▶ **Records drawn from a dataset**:

==*==

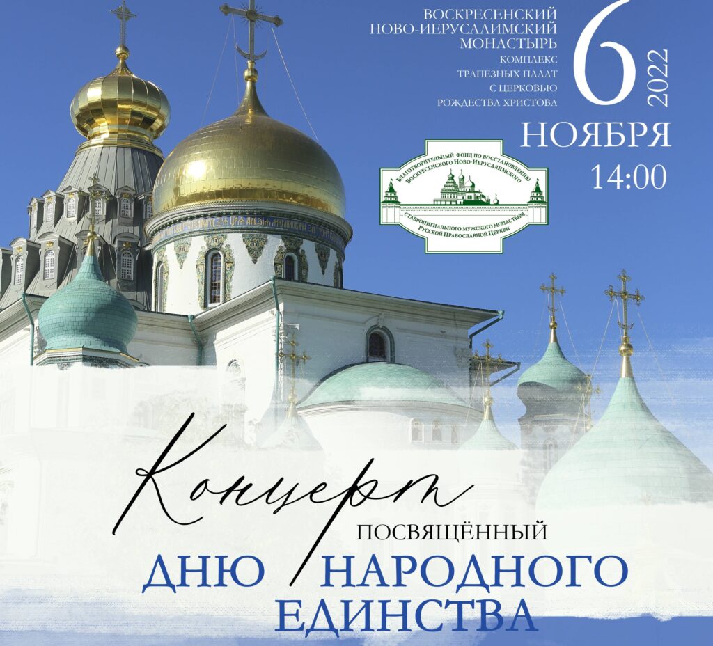 Приходы.ру 31.10.2022. Воскресенский Ново-Иерусалимский монастырь в Истре пригласил всех желающих на концерт, посвященный Дню народного единства. Он пройдет 6 ноября в 14:00 в комплексе Трапезных палат обители по благословению наместника монастыря архимандрита Феофилакта и при поддержке Благотворительного фонда по восстановлению Воскресенского Ново-Иерусалимского монастыря. Вход на концерт свободный.
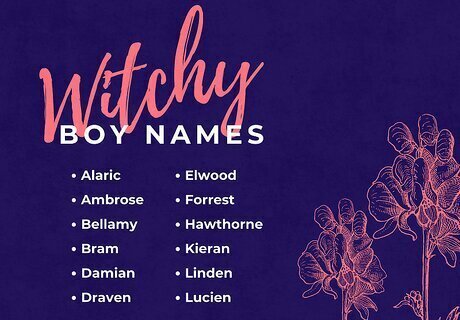Turn every day into Halloween with a witchy name. Whether you’re naming a character or looking for a spooky name for your son, try something with a witchy vibe. Witchy names often sound old-fashioned or inspired by nature. Try one of the following options: Alaric (German for “ruler of all”) Ambrose (Greek for “immortal”) Bellamy (French and Irish for “handsome friend”) Bram (Dutch for “father of many”) Damian (Greek for “to tame”) Draven (Celtic for “to break apart”) Elwood (English for “from the old wood”) Forrest (English and Latin for “woodland”) Hawthorne (English for “thorn bush”) Kieran (Irish for “little dark one”) Linden (English and German for “linden tree”) Lucien (French for “light”) Magnus (Latin for “greatest”) Marius (Latin for “warlike, of Mars”) Morgan (Welsh for “sea-born”) Onyx (Greek for “claw, a black gemstone”) Orion (Greek for “heaven’s light”) Percival (French for “pierce the valley”) Phoenix (Greek for “dark red”) Ronan (Irish for “little seal”) Rowan (Irish and Scottish for “little red one”) Salem (Hebrew and Arabic for “peaceful, safe, complete, perfect”) Soren (Scandinavian for “stern, severe”) Tobias (Hebrew for “God is good”) Zephyr (Greek for “west wind”) Want even more ideas? Take a look at our Witchy Names article!
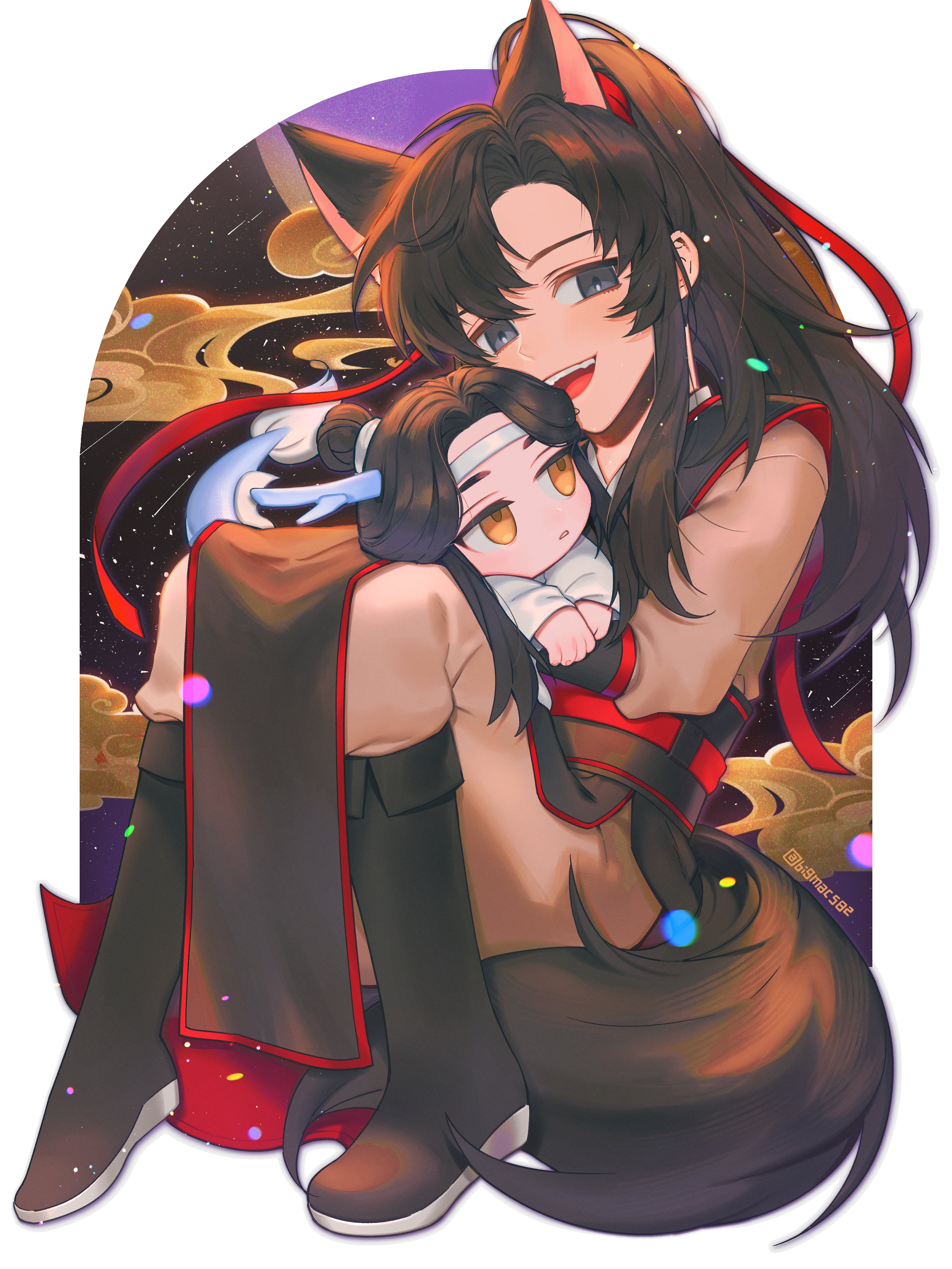 2boys :d absurdres adapted_costume aged_down animal_ears bigmac582 black_boots black_eyes black_hair black_hanfu boots brown_hair carrying carrying_person child child_carry chinese_clothes cloud confetti dragon_boy dragon_horns dragon_tail eastern_dragon_horns eastern_dragon_tail fox_boy fox_ears fox_tail full_body grey_pants hair_ribbon hanfu headband highres kemonomimi_mode knees_up lan_wangji light_particles long_hair long_sleeves looking_at_another looking_at_viewer male_focus modao_zushi multiple_boys open_mouth pants parted_lips ponytail red_ribbon red_sash ribbon sash sidelocks sitting sky smile tail teeth topknot tunic twitter_username upper_teeth_only wei_wuxian wei_wuxian_(yunmeng_clan) white_hanfu white_headband xiangyun yaoi yellow_eyes
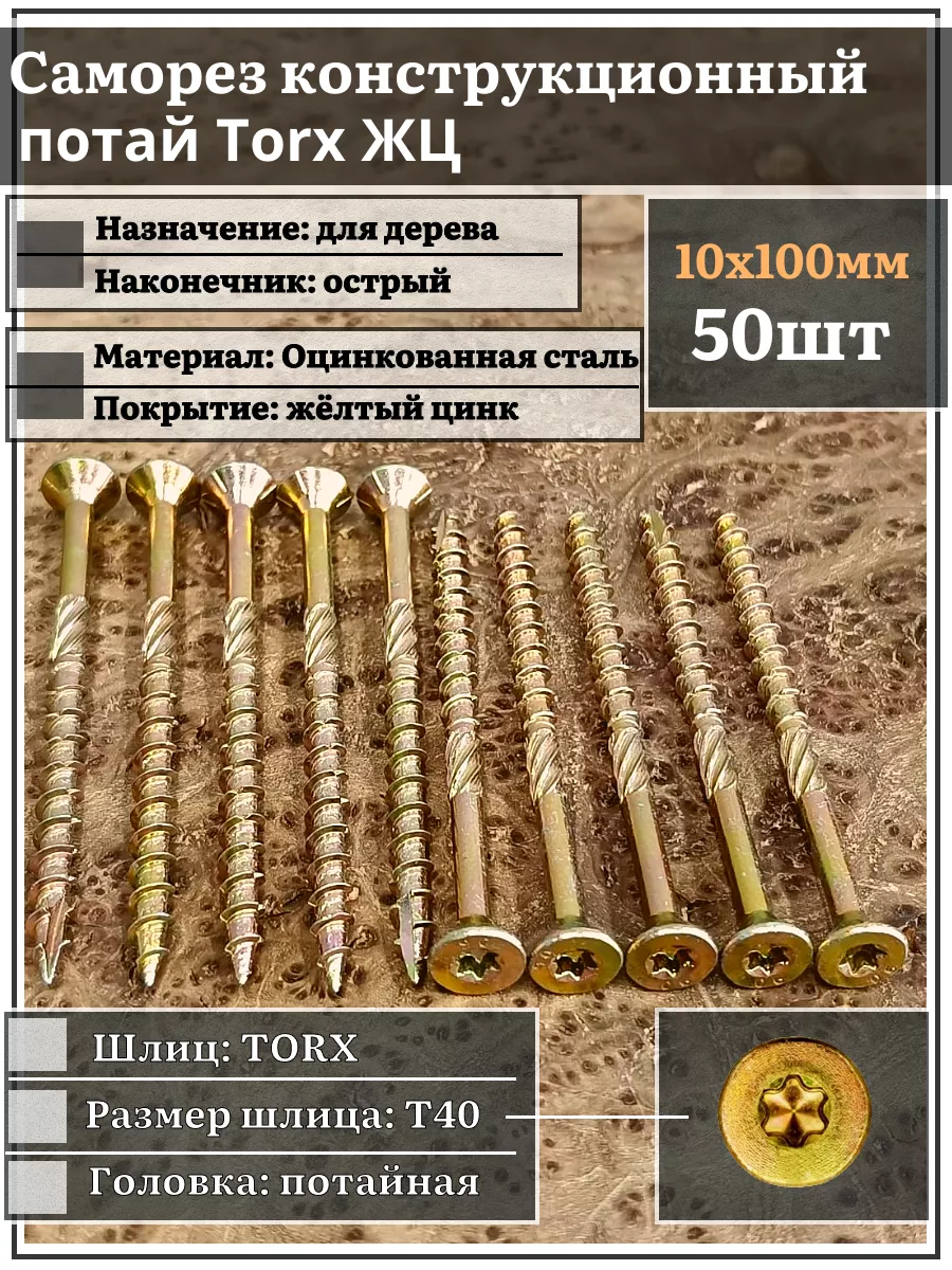 Саморез по дереву потайной Torx 10х100 ЖЦ, 50 шт.
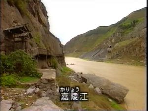 長江の支流 断崖に杭を打ちその上に作られた参道
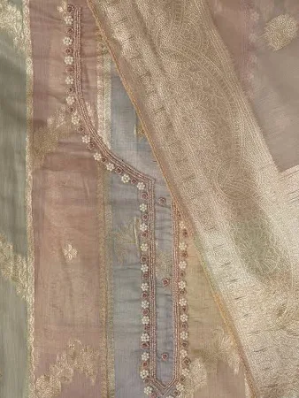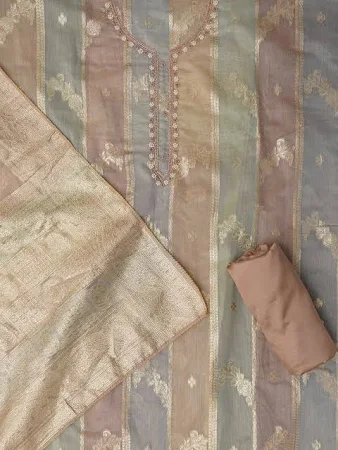 Unstitched Woven Design Silk Blend Dress Material with Dupatta

==*==

▶ **WHAT TO PRODUCE**:
Would you transcribe, exactly and only, the lines from the one that contains "長江の支流 断崖に杭を打ちその上に作られた参道" through the last line of the data above, without any pictures?

▶ **RESULT FOR THIS EXERCISE**:
 長江の支流 断崖に杭を打ちその上に作られた参道
 Unstitched Woven Design Silk Blend Dress Material with Dupatta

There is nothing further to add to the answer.